PhD defence by Heather Christine Lent

Portrait of Heather Christine Lent on a blue background

Title

NLP Across the Resource Landscape: Development in Creole NLP & Evaluation in Semantic Parsing

Abstract

Data availability is the crux on which much research in NLP depends. When a language is highly-resourced, it is possible to train large-scale models that demonstrate impressive performance on a wide array of tasks. Unfortunately, a majority of the world's languages are still lower-resourced, and lack sufficient data (if any data) that such models require for training. As a result, NLP research can look very different in lower- versus higher-resourced settings, and both scenarios come with their own particular challenges. For lower-resourced languages, different methods must be developed for overcoming the constraints of limited data, as well as for leveraging resources from other languages, unless significantly more effort is spent on resource creation. Meanwhile for higher-resourced languages, even when performance metrics are competitive, it can be difficult to evaluate what biases a model has learned from large datasets, and to determine a model's concrete limitations. Thus, in this work, we present a collection of studies from these two different settings of data availability: lower-resourced NLP for Creole languages and higher-resourced semantic parsing evaluation.

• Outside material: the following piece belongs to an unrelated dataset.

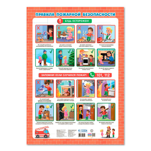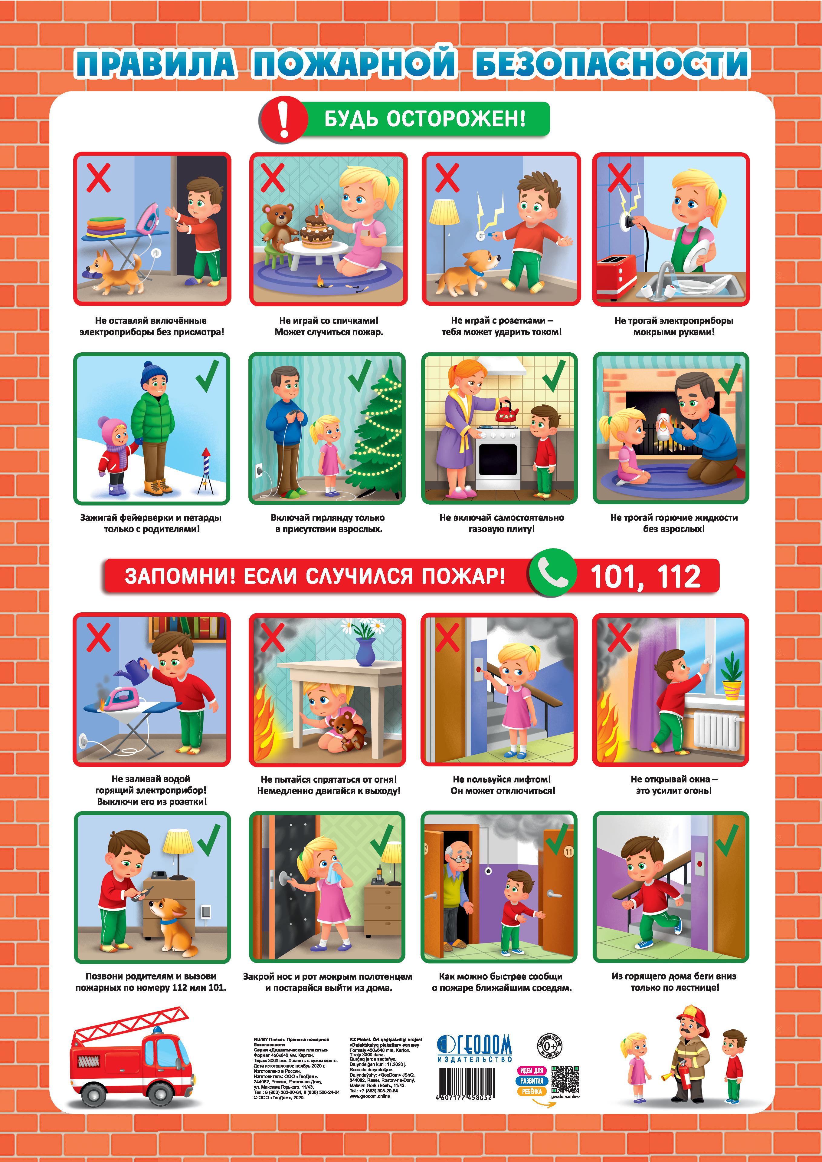 Плакат «Правила пожарной безопасности» с яркими картинками, привлекающими внимание детей, понадобится для оформления класса в школе, для детского сада и дома в качестве наглядного пособия. Обучающий плакат познакомит детей с причинами возникновения пожара и правилами поведения при его наступлении.

The set of studies on NLP for Creoles each expand upon the topic from a different angle. First, we explore a linguistically motivated approach for language modeling of Creoles, utilizing a Distributionally Robust Objective, but ultimately find that this method does not outperform standard Empirical Risk Minimization (Chapter 2). Next, we investigate transfer learning for Creoles, as this is a common approach for leveraging information from high-resourced languages for lower-resourced ones. We find that the typical scenario, whereby cross-lingual learning is achieved by training on a set of languages closely related to the target language, cannot be trivially applied to Creoles (Chapter 3). The final two works within the scope of Creole NLP explore the needs for language technology within Creole-speaking communities, as it is critical that researchers do not assume these needs on behalf of a community (Chapter 4), and discuss approaches, progress, and considerations for creating a multitask benchmark dataset for Creoles, which will allow NLP researchers the opportunity to include these languages within their work, and to further develop Creole NLP (Chapter 5).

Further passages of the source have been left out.